No pictures in the copy. Write out the listing below exactly.

• _PROVIDED DATA_:
__________________________________________________

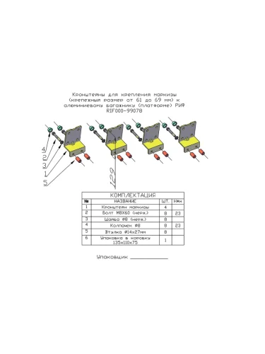 | Наименование | Кронштейны для крепления маркизы (крепежный размер от 61 до 69 мм) к алюминиевому багажнику (платформе) РИФ brand: РИФ |
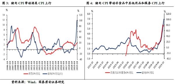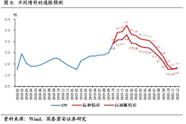 (2)胀假设:假设11月猪价维持在56元/千克;在2020年1月因春节效应,猪肉价格上涨5.6%达60元/千克;其他月份符合季节性波动,则11月CPI或突破4.5%,2020年1月CPI或达5.5%。
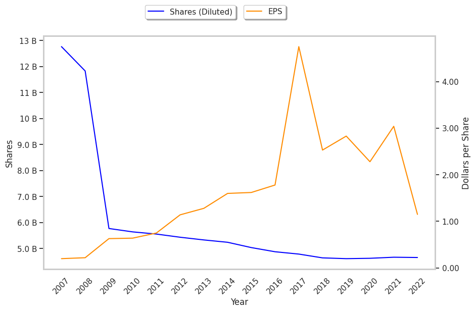 To determine Comcast's EPS growth over time, we will average out its EPS for 2007, 2008, and 2009, which were $0.83, $0.86, and $0.33 respectively. This gives us an average of $0.67 for the period of 2007 to 2009. Next, we compare this value with the average EPS reported in 2020, 2021, and 2022, which were $2.28, $3.04, and $1.21, for an average of $2.18. Now we see that Comcast's EPS growth was 225.37% during this period, which satisfies Ben Graham's requirement.

__________________________________________________

• _SOLUTION TO THE EXERCISE_:
 | Наименование | Кронштейны для крепления маркизы (крепежный размер от 61 до 69 мм) к алюминиевому багажнику (платформе) РИФ brand: РИФ |
 (2)胀假设:假设11月猪价维持在56元/千克;在2020年1月因春节效应,猪肉价格上涨5.6%达60元/千克;其他月份符合季节性波动,则11月CPI或突破4.5%,2020年1月CPI或达5.5%。
 To determine Comcast's EPS growth over time, we will average out its EPS for 2007, 2008, and 2009, which were $0.83, $0.86, and $0.33 respectively. This gives us an average of $0.67 for the period of 2007 to 2009. Next, we compare this value with the average EPS reported in 2020, 2021, and 2022, which were $2.28, $3.04, and $1.21, for an average of $2.18. Now we see that Comcast's EPS growth was 225.37% during this period, which satisfies Ben Graham's requirement.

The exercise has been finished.